# Tag Barbs slide right through hang tag holes, any solutions?



## thetrillest (Sep 22, 2011)

I bought 1000 hang tags, and they came with a hole already made in them. The hole seems hole punch size, kinda like the size in notebooks or binders. When I try to slide the tag gun barbs, they go right through the hole. I have gone on eBay and bought barbs from 6 different sellers, and they all seem to be the small, low quality, flimsy Chinese barbs. I had a couple old spare ones, (I forgot where I bought them from, but it wasnt online) and those have a bid tail (end thing) so those barbs even work with the holes on my hang tags. Is there anything I can do at this point to fix this, or does anyone know where I can get some barbs that have a big tail end?
lol anyone wanna buy 20,000 tag barbs?


this is what I mean, I want the tail to be big, the ones I have, that do work measure at .5cm in height and 1cm in width:


----------



## HPS (May 13, 2010)

i drilled my first set a little too big, just made a handful though so we just shot thru the tag itself, not the prettiest but still worked and got job done, i got a gun and all kinds of barbs on amazon, dont recall seeing the type you drew though. we print tags if you want 20k more, best


----------



## Liberty (Jul 18, 2006)

Try store supply warehouse,


----------



## thetrillest (Sep 22, 2011)

UPDATE: I went to Jo Ann Fabric store, Hobby Lobby, Michaels, and in all places, they had NO IDEA what a tagging gun even was lol. Anyways, on my way back, once I had given up the search for the mythical tag barbs, I stopped at staples to buy some tape, and the barbs were literally next to the tape, and they were the size I was needing, the barbs are made in USA so the quality is much better than those Chinese eBay ones. So if anyone has a hole-puch sized hole, these tags will NOT slip through the holes.
BTW its 1000 2" barbs for $14.99.


----------



## Plus 37 Research (Jan 12, 2011)

Sounds like youve got it handled, but you can get really cheap fastners from uline.com. 5000 for between $13 and $18, depending on length. I dont know much about fastners in general, but they seem pretty large. They dont quite work with loose leaf paper, if thats the size you referenced about your tag holes. They measure about 9mm at the large end and are about 4.5mm wide at that end. So maybe after you exhaust your current supply, you can get 5x more for the same price! Good luck!


----------



## thetrillest (Sep 22, 2011)

Plus 37 Research said:


> Sounds like youve got it handled, but you can get really cheap fastners from uline.com. 5000 for between $13 and $18, depending on length. I dont know much about fastners in general, but they seem pretty large. They dont quite work with loose leaf paper, if thats the size you referenced about your tag holes. They measure about 9mm at the large end and are about 4.5mm wide at that end. So maybe after you exhaust your current supply, you can get 5x more for the same price! Good luck!

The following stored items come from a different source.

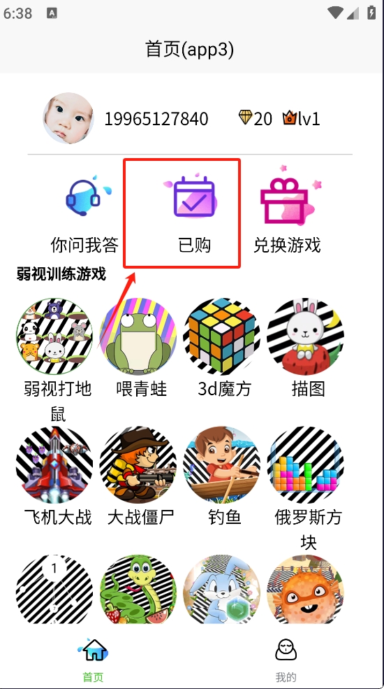2、点击“已购”查看购买。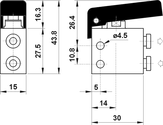 3/2 NA, raccordi automatici per tubo ø4 laterali, tasto NERO
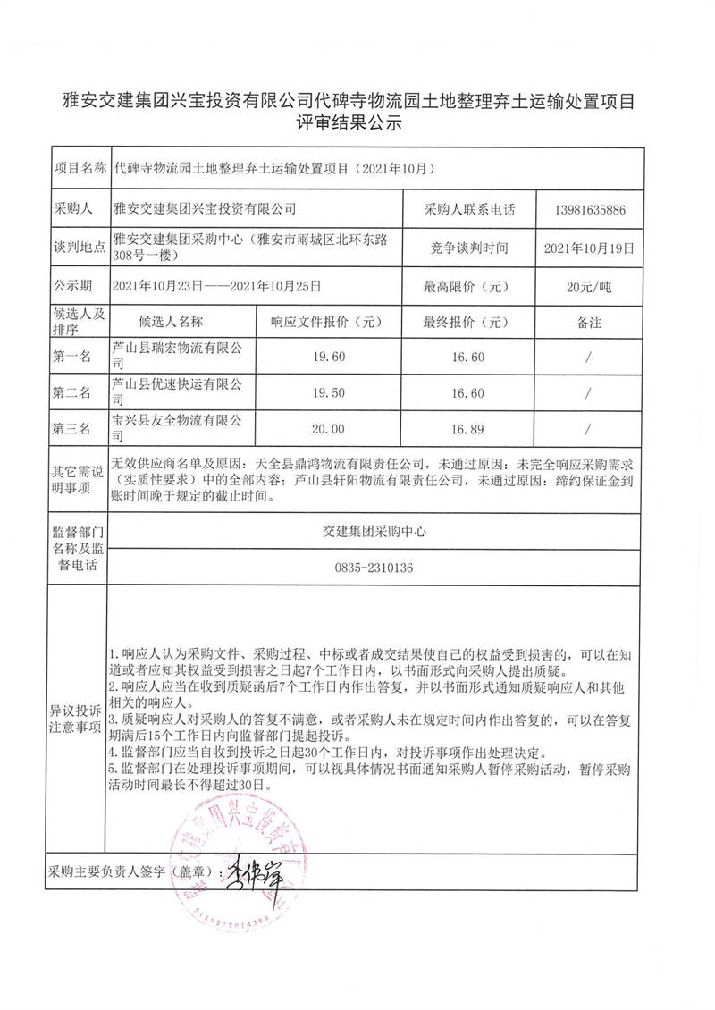 雅安交建集團(tuán)興寶投資有限公司代碑寺物流園土地整理棄土運輸處置項目評審結(jié)果公示

Definitely will check it out, I've just found hard to buy things online lately, as you think you're getting something on a product picture, but it could very well be very different and cause a lot of hassle.


----------



## Plus 37 Research (Jan 12, 2011)

I know what you mean. I havent had too many horrible experiences, but i agree that there is so much misleading info/ product pics on the internet and that nothing beats in person purchases. And it seems that we have opposite circumstances: youve got tags and didnt, until a little while ago, have fasteners and i have fasteners but no tags... haha


----------